Il dialetto, come ogni lingua, è il risultato di una
stratificazione e consolidamento nel tempo. È una storia. Il
dialetto come “antica testimonianza delle origini di un popolo”
ricorda anche Luigi Giavini “si può paragonare [...] ad un
terreno di interesse archeologico dove occorre sondare, ripulire
per riportare alla luce anche minimi reperti che sono come i
tasselli di un mosaico che a poco a poco si rivela nella
pienezza del suo significato” (Le origini di Busto Arsizio,
Nomos Edizioni 2002, p.26).
Qui, risulta lecito instaurare il parallelo con il restauro
della chiesa prepositurale di San Genesio. Una bella e lunga
storia. Sotto il pavimento rimosso, ecco, spalando, altri strati
relativi a pavimenti e storie di altre epoche. Di altri mondi.

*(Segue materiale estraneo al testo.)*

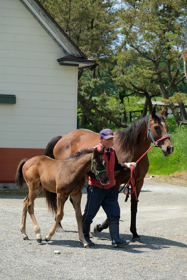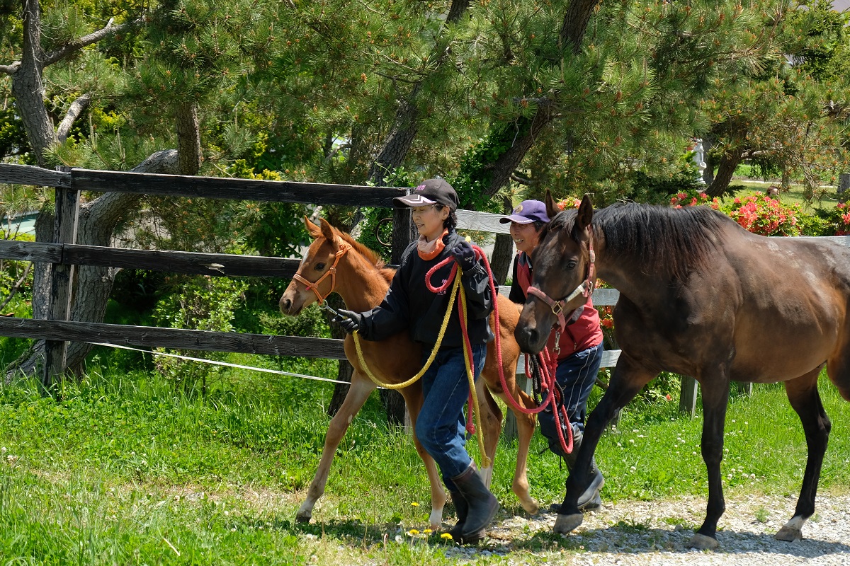 高村さんご夫妻が、親子のお馬さんを放牧していきます(^o^)
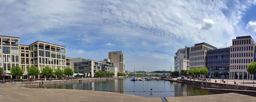 Panoramic photo of the Phönixsee lake in Dortmund Hörde, a popular excursion destination.
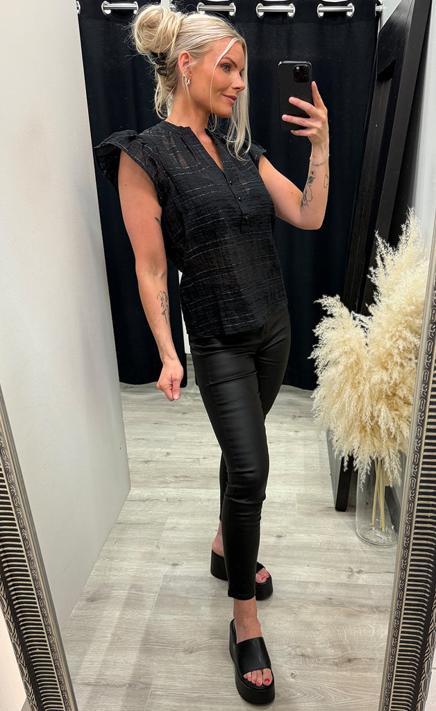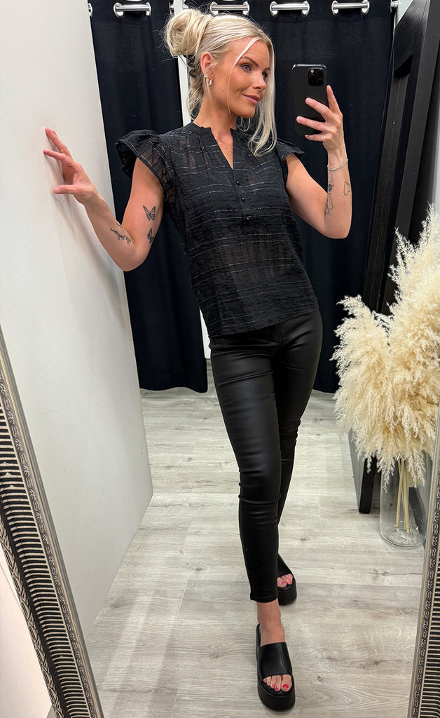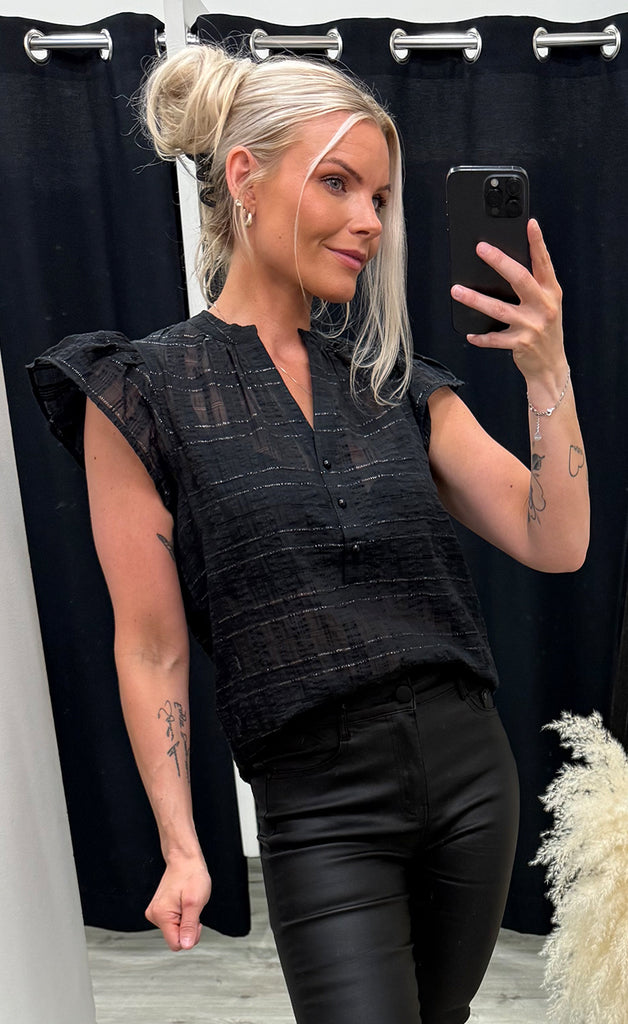 Blússan er úr léttu efni og með gylltum lurex glansþræði.

Così, spalando di buona lena, si è toccato lo strato legato al
Seicento e, più sotto, al Cinquecento di san Carlo Borromeo.
Poi, il Medioevo. Ancora più in basso, ecco le epoche
barbariche: franchi e, prima ancora, i longobardi. Più sotto, la
fine dell’epoca romana e il primo cristianesimo di sant’Ambrogio.
Più sotto ancora, l’epoca romana.
E lì don Felice è riuscito a far spegnere il motore della ruspa
– curioso: l’infinito latino ruspāre significa ‘scrutare,
ricercare, rastrellare’ – e a evitare che la benna (parola
derivata dal tardo bĕnna(m), di origine celtica) coi suoi denti
scavasse e rovistasse oltre. Si sarebbe arrivati all’epoca pre
romana.
Fermi, fermi con le pale, per pietà.
A quel ritmo si sarebbe arrivati ai Flintstones!